* [Provided material]
..............................

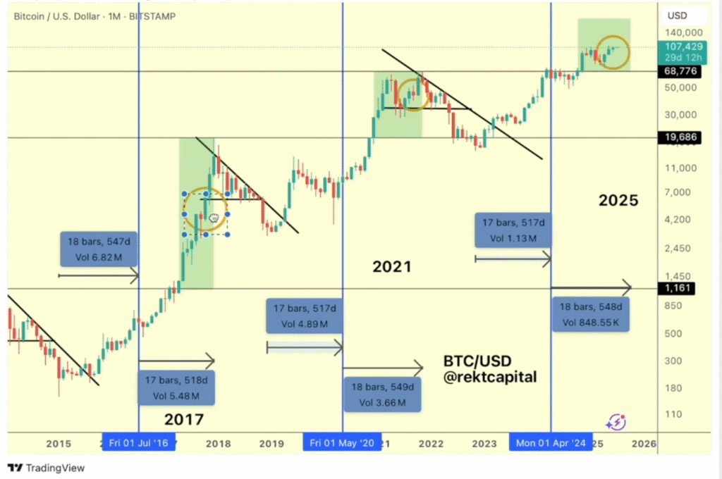Rekt Capital analizuje rynek bitcoina od lat. W swojej najnowszej analizie porównuje obecny cykl z latami 2017 i 2021. W obu przypadkach szczyt cenowy przypadał około 550 dni po halvingu. Jeśli historia się powtórzy, bitcoin osiągnie swój szczyt właśnie w październiku.
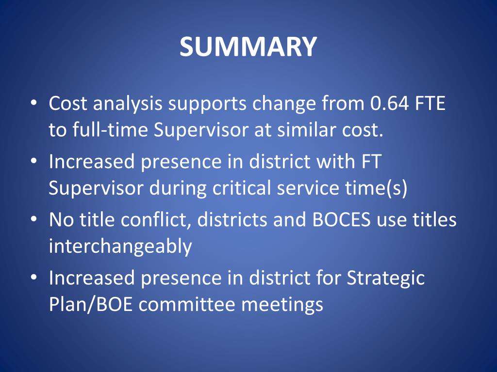 SUMMARY • Cost analysis supports change from 0.64 FTE to full-time Supervisor at similar cost. • Increased presence in district with FT Supervisor during critical service time(s) • No title conflict, districts and BOCES use titles interchangeably • Increased presence in district for Strategic Plan/BOE committee meetings
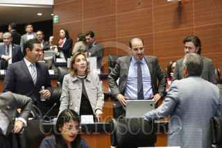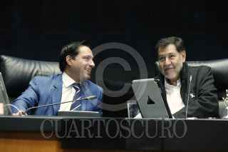 CIUDAD DE MÉXICO, 16OCTUBRE2024.- Los senadores Mauricio Vila y Gerardo Fernández Noroña durante la sesión en el Senado en la que se aprobó la reforma que establece al transporte ferroviario como prioritario. FOTO: CUARTOCURO.COM

..............................

* [Exercise]
Exactly the lines from the top of the listing through the line with "SUMMARY • Cost", and no pictures, should be printed.

* [Solution for this exercise]
Rekt Capital analizuje rynek bitcoina od lat. W swojej najnowszej analizie porównuje obecny cykl z latami 2017 i 2021. W obu przypadkach szczyt cenowy przypadał około 550 dni po halvingu. Jeśli historia się powtórzy, bitcoin osiągnie swój szczyt właśnie w październiku.
 SUMMARY • Cost analysis supports change from 0.64 FTE to full-time Supervisor at similar cost. • Increased presence in district with FT Supervisor during critical service time(s) • No title conflict, districts and BOCES use titles interchangeably • Increased presence in district for Strategic Plan/BOE committee meetings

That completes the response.